TASK BRIEF: Return the following data exactly, with all pictures left out.

EXERCISE DATA:
|---|
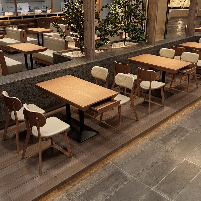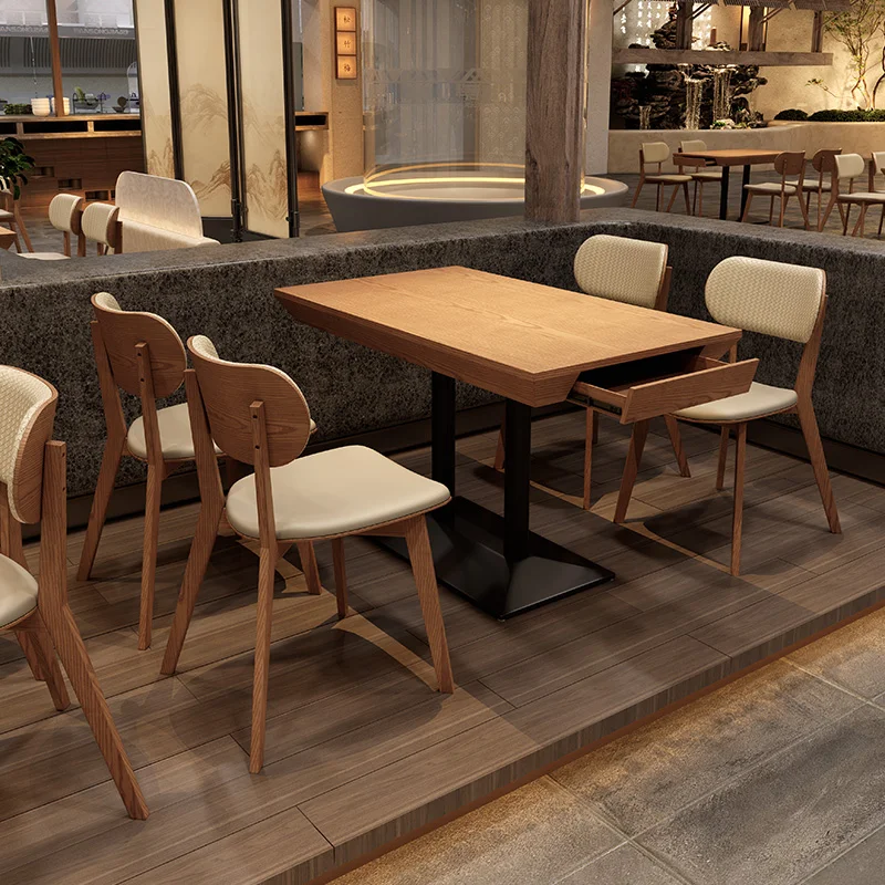 Wholesale Solid Wood Restaurant Table and Chair Sets with Integrated Storage Drawers
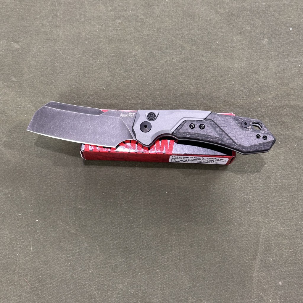 Cleaver blade action comes to Kershaw’s automatic series with the Launch 14. Grip the auto securely with the two-piece aluminum and carbon fiber front handle. While the flashy carbon fiber screams “look at me,” the Launch 14 is far from a safe queen. A finger choil allows users to choke up on the blade during heavy work tasks. The BlackWash™ coating hides use scratches after a hard day’s work. Other details tie it all together, including a bronze anodized titanium tube spacer, reversable pocket clip, and an integrated backspacer with a lanyard hole. But it’s the tantalizing cleaver that begs Kershaw fans to press that button again and again.
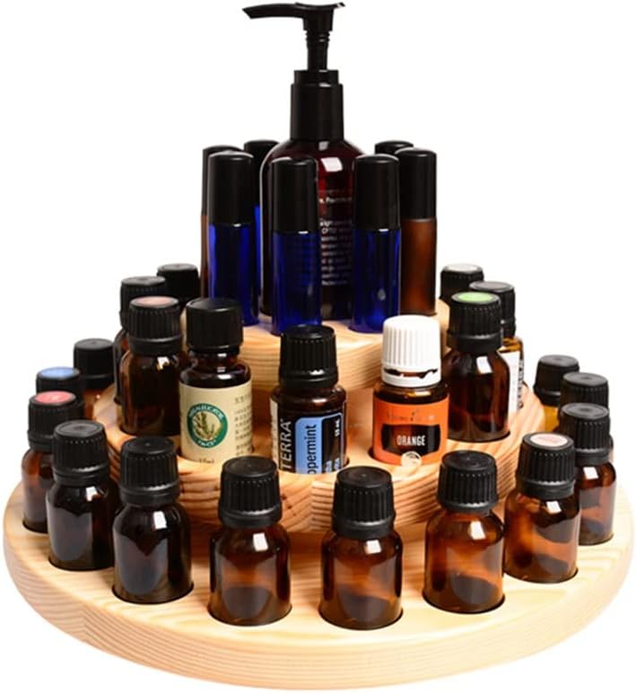 1. Light and compact.2. Excellent craftsmanship and sturdy structure.3. Cosmetic boxes are for displaying essential oils.4. It is a good chance to send excellent gifts to your friends and families fond of essential oils.5. It provides a solution for you to safely store, display and transport your essential oils.Product Parameters:1. Material: wood2. Color: as is shown in the pictures3. Size: about Diameter: 27CM (10.62 inch)Package Included:1 * Essential oil display rackNote:1. Due to manual measurement, please allow 1-3 mm error. Please make sure you do not mind it before buying.2. The color may be different, please understand.Perfect for dining tables, coffee tables, dressers or any part of the home.
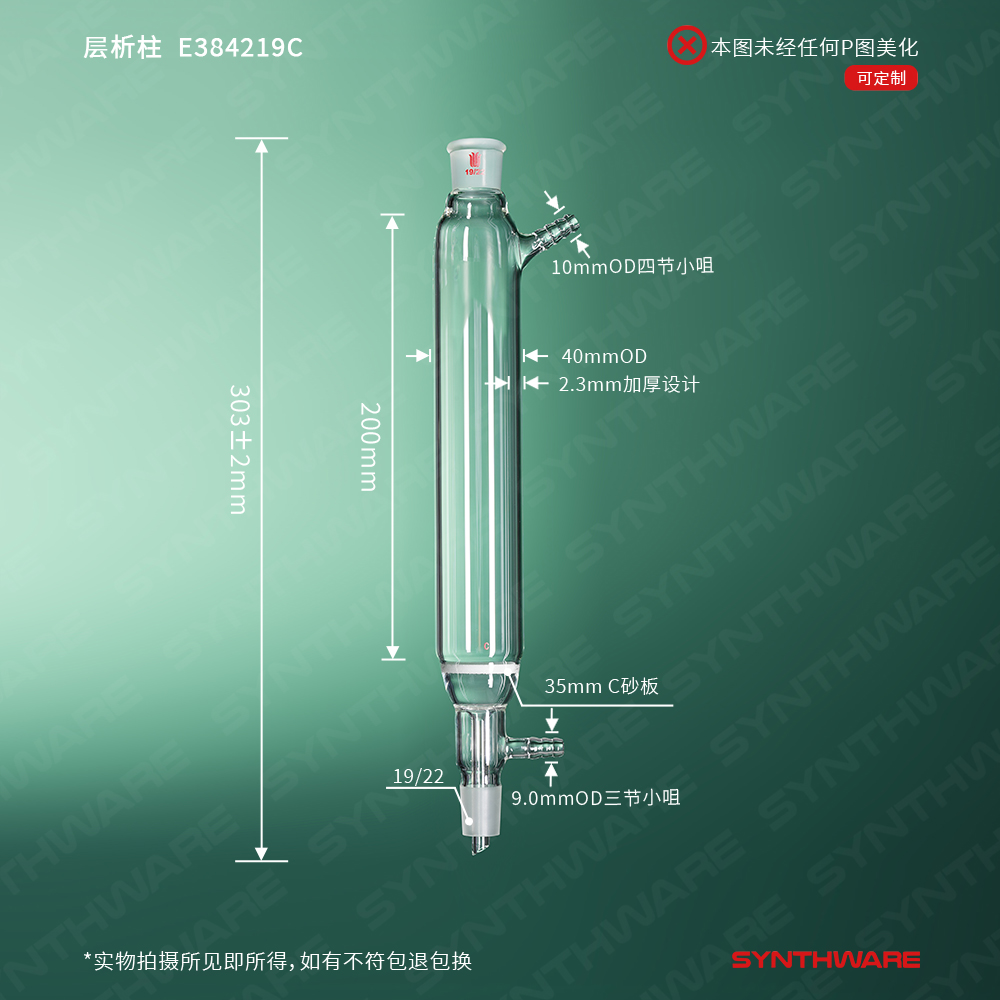 具小嘴减压层析柱,上下磨口19/22,管径:40mm,管长:200mm,C E384219C
|---|
OUTPUT FOR THIS TASK:
 Wholesale Solid Wood Restaurant Table and Chair Sets with Integrated Storage Drawers
 Cleaver blade action comes to Kershaw’s automatic series with the Launch 14. Grip the auto securely with the two-piece aluminum and carbon fiber front handle. While the flashy carbon fiber screams “look at me,” the Launch 14 is far from a safe queen. A finger choil allows users to choke up on the blade during heavy work tasks. The BlackWash™ coating hides use scratches after a hard day’s work. Other details tie it all together, including a bronze anodized titanium tube spacer, reversable pocket clip, and an integrated backspacer with a lanyard hole. But it’s the tantalizing cleaver that begs Kershaw fans to press that button again and again.
 1. Light and compact.2. Excellent craftsmanship and sturdy structure.3. Cosmetic boxes are for displaying essential oils.4. It is a good chance to send excellent gifts to your friends and families fond of essential oils.5. It provides a solution for you to safely store, display and transport your essential oils.Product Parameters:1. Material: wood2. Color: as is shown in the pictures3. Size: about Diameter: 27CM (10.62 inch)Package Included:1 * Essential oil display rackNote:1. Due to manual measurement, please allow 1-3 mm error. Please make sure you do not mind it before buying.2. The color may be different, please understand.Perfect for dining tables, coffee tables, dressers or any part of the home.
 具小嘴减压层析柱,上下磨口19/22,管径:40mm,管长:200mm,C E384219C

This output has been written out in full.